According to the 20 aspect of the present utility model, the compressor that described the first compressor and described the second compressor are same type.
According to the 20 one side of the present utility model, described the first compressor and described the second compressor are dissimilar compressor.
According to the 22 aspect of the present utility model, first section be connected with described the first compressor of described admission line is configured to the fluid resistance that provides less than second section be connected with described the second compressor of described admission line.
According to the 20 three aspects: of the present utility model, at least one item in the angle of the length by selecting described the first section and described the second section, cross-section area, bending, the quantity of bending makes the fluid resistance of described the first section be less than the fluid resistance of described the second section.
According to the 24 aspect of the present utility model, described compressor assembly further comprises the 3rd compressor, the 3rd suction port of described the 3rd compressor is communicated with the first suction port of described the first compressor and the second suction port fluid of described the second compressor respectively via described admission line, the 3rd relief opening of described the 3rd compressor is communicated with the first row gas port of described the first compressor and the second row gas port fluid of described the second compressor respectively via described exhaust duct, and described the 3rd compressor is communicated with described the first compressor and described the second compressor fluid via described oiling agent equalizing main.
According to the 25 aspect of the present utility model, between described the second compressor and described the 3rd compressor, be provided with the gas equalizing main.
According to the 26 aspect of the present utility model, in described oiling agent service, be provided with throttle element.
According to the 27 aspect of the present utility model, described throttle element is capillary tube.
According to the 20 eight aspect of the present utility model, described the first compressing mechanism causes to have than the lower pressure of inspiration(Pi) of described the second compressor.
Adopt compressor assembly of the present utility model, can be in the situation that realize in system that the oiling agent balance reduces the quantity of required sensor and control valve, thus can further reduce the cost of whole system.

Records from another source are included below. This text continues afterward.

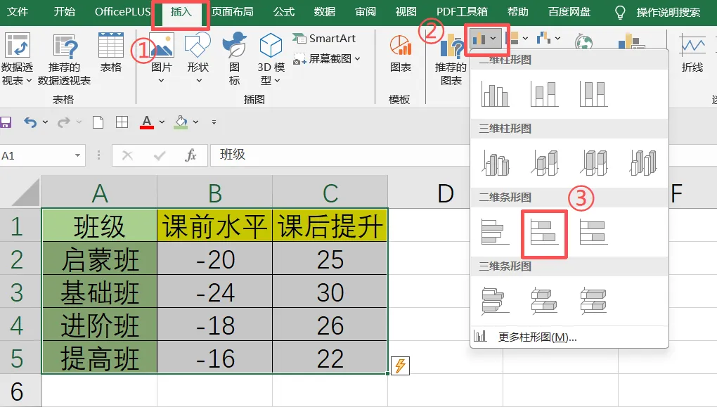 下面以比较不同班级在课前课后的得分情况为例,演示用Excel绘制堆积条形图的方法:
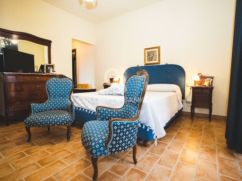 Il giardino avvolge sui quattro lati l'abitazione, e si apre sul terreno adiacente dove sono presenti 380 piante di ulivi, altre piante tipiche della macchia mediterranea abbelliscono e adornano l'area esterna, oltre a tutti i fiori presenti sotto l'ampio e panoramico portico, dove si possono trascorrere serate in allegria in famiglia nelle sere estive, rinfrescati dalla brezza marina.
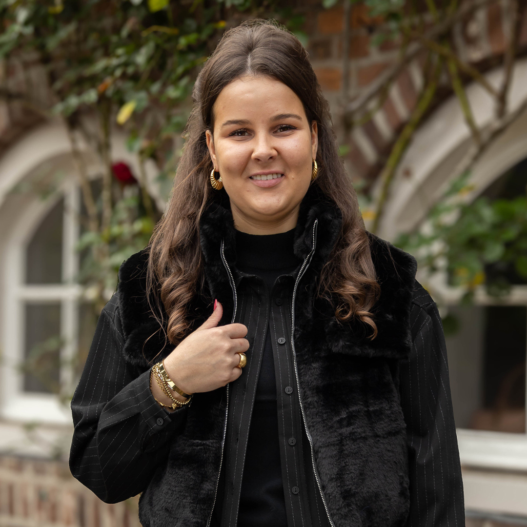 Imke is 1.78 m en draagt haar kleding voornamelijk in maat S/M.
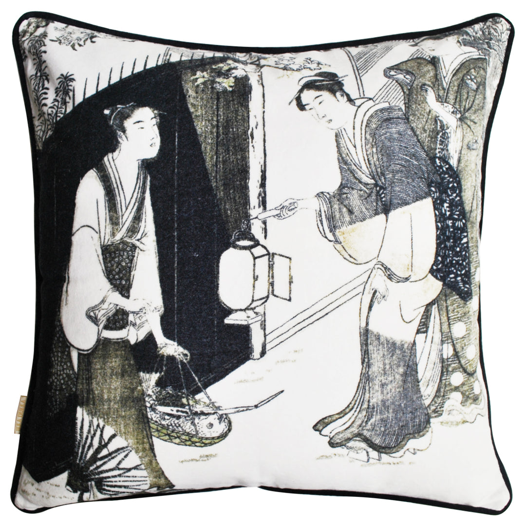 Beauty of the Floating World: These sumptuously soft velvet cushion covers feature prints from the Edo period in Japan, called ukiyo-e (pictures of the floating world). Luxurious and vibrant these cushions embody the essence of 'Ukiyo'. Featuring stunning kimono prints on the back, these covers can be used two-ways.

The accompanying drawing explanation
By the description referring to accompanying drawing, it is easier to understand that the feature and advantage of one or several mode of execution of the present utility model will become, wherein:
Fig. 1 is a kind of schematic diagram of compressor assembly of routine;
Fig. 2 is the schematic cross sectional views of the compressor in compressor assembly shown in Fig. 1;
Fig. 3 is the schematic cross sectional views of the compressor of another in compressor assembly shown in Fig. 1;
Fig. 4 is the schematic diagram according to the compressor assembly of a kind of mode of execution of the utility model;
Fig. 5 is the schematic piping arrangement according to the compressor assembly of a kind of mode of execution of the utility model; And
Fig. 6 is the schematic diagram of determining scroll element that another kind has the capacity regulating function.
Embodiment
Following description related to the preferred embodiment is only exemplary, and is never the restriction to the utility model and application or usage.In each accompanying drawing, adopt identical reference character to mean identical parts, so the structure of same parts will no longer be repeated in this description.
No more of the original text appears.